The US isn’t just taxing consumer goods. Around 45% of US imports are inputs for its own manufacturers – meaning the policy is also punishing the very businesses it’s trying to help. Ford lost $750 million in profits under the last Trump tariff regime. GM lost $1 billion. Aluminium giant Alcoa sought exemptions from its own industry tariffs. Harley-Davidson moved production offshore to avoid retaliation.
And now we’re doing it all over again. Only this time, the exemptions are gone. The scope is broader. The message to global markets is, at least for now, buckle up!
There’s also the bigger-picture concern: the risk to the US dollar’s position as the world’s reserve currency. The US benefits enormously from this “exorbitant privilege”, but it relies on openness, liquidity, and global trust. As Mauldin notes, overseas investors now hold $16.5 trillion in US equities – a record share. Undermining that relationship through arbitrary tariffs and policy volatility risks long-term capital flows, not just short-term sentiment.
And if foreign confidence starts to erode? The US could find itself in a situation where it’s trying to fund deficits and stimulate growth in a far less forgiving global market.
So, what does it mean for investors?
First, a moment of calm. As Mauldin says, “American businesses will do what they do best, which is adapt.” The likelihood of recession has increased, but it’s not inevitable. We’ve weathered confusion before, and we’ll do it again.
More importantly, we don’t build portfolios based on politics or personalities – particularly not ones who communicate via social media outbursts. But we do pay close attention to economic fundamentals and particularly to long term investment themes and structural shifts that may impact them positively or negatively. Our underlying investment premise, which was forged during the financial crisis of 2008 (and the core of that team is still here today!), was to identify investment themes capable of helping us manage client portfolios through a storm – all the while ensuring they are fit for purpose over the longer term. We recently highlighted that our portfolios continue to evolve as we take into account changing market dynamics and, in light of these tariff announcements, a fundamental change in the way trade is executed globally.

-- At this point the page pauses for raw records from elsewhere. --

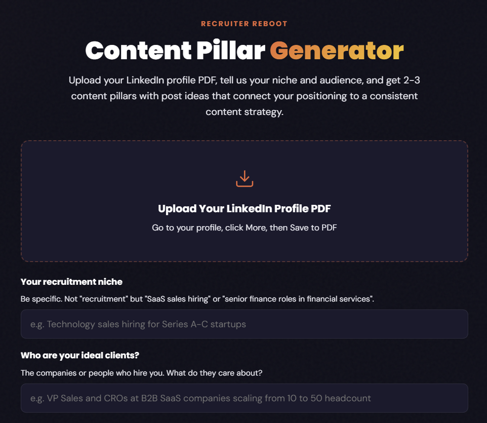 Input your niche, your audience, and your background. The generator produces three named pillars with sample post angles for each one. No brainstorming. No guessing. Walk away with a plan for what to post.
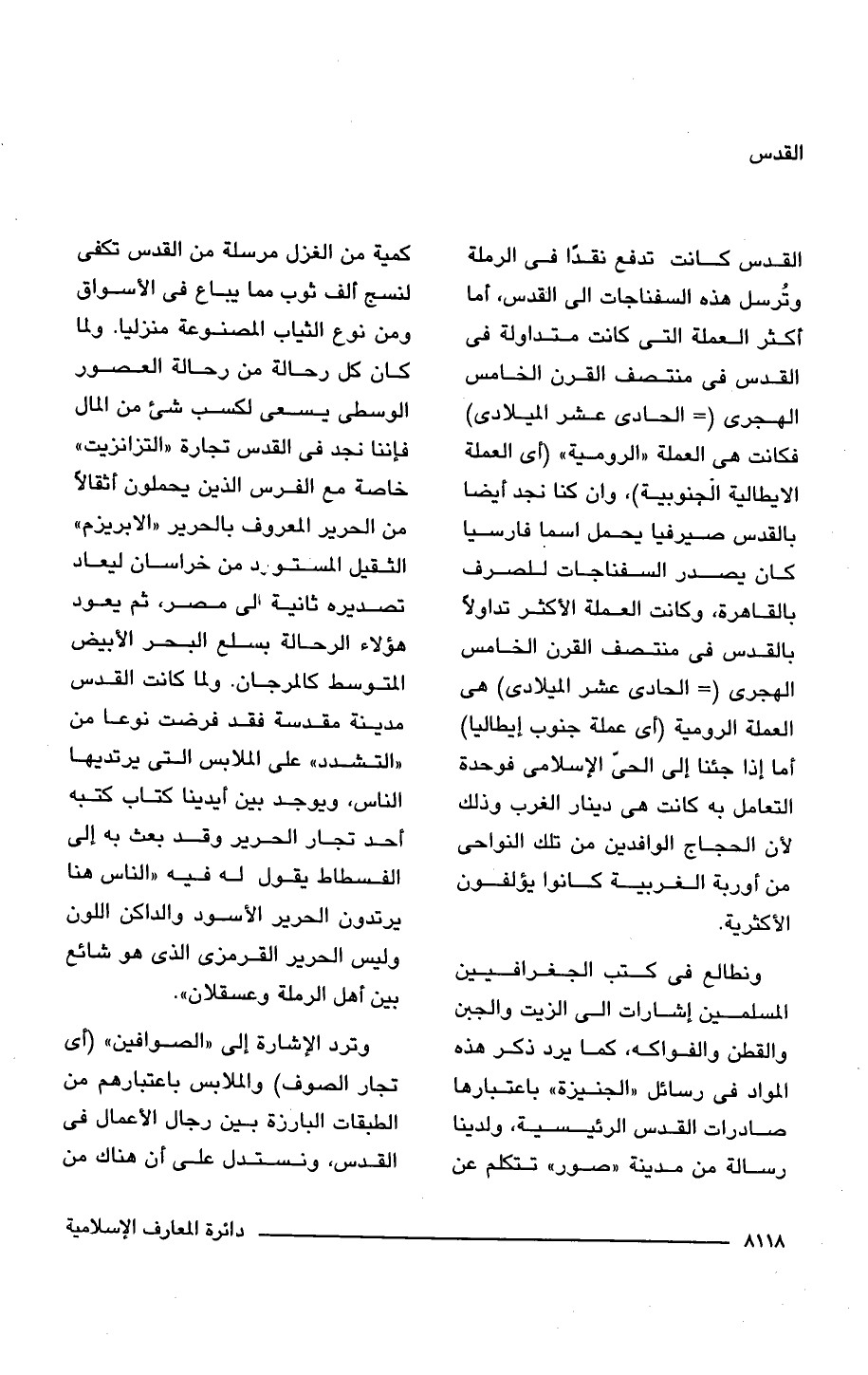 وترد الإشارة إلى "الصوافين" (أى تجار الصوف) والملابس باعتبارهم من الطبقات البارزة بين رجال الأعمال فى القدس، ونستدل على أن هناك من
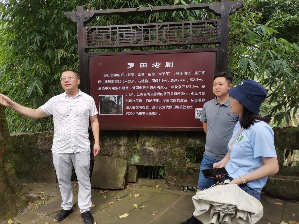 从罗田镇政府出发,观察团来到了罗田老街。罗田老街始建于明朝后期,清代开始形成规模。直到2011年,罗田老街入围海选“重庆最美街道”之最美小巷十强。踏上青色的石板路,看着周边武圣宫、玉成苑等古民居四合院,仿佛能看到几百年前的人们在此演绎的几度春秋。

It will come as no surprise that we expect excessive market volatility for a while yet. Markets will overreact; they’ll underreact; and they’ll rally and fall based on whether there’s an off-ramp, a tweet, or a photo-op with a world leader. That’s not a game we want to play. We’ll keep focusing on what we can control: owning quality, managing risk and focusing on achieving both the medium- and longer-term objectives of our clients.
As ever, it’s easy to get caught up in the noise, especially when headlines scream and markets twitch. But if the last six weeks have taught me anything personally, it’s that clarity and focus really matter. Whether it’s a PSA test result or an investment strategy, clear thinking and an understanding of the objectives remain key – and far more preferable and useful to noise, bluster and emotionally-driven decision-making.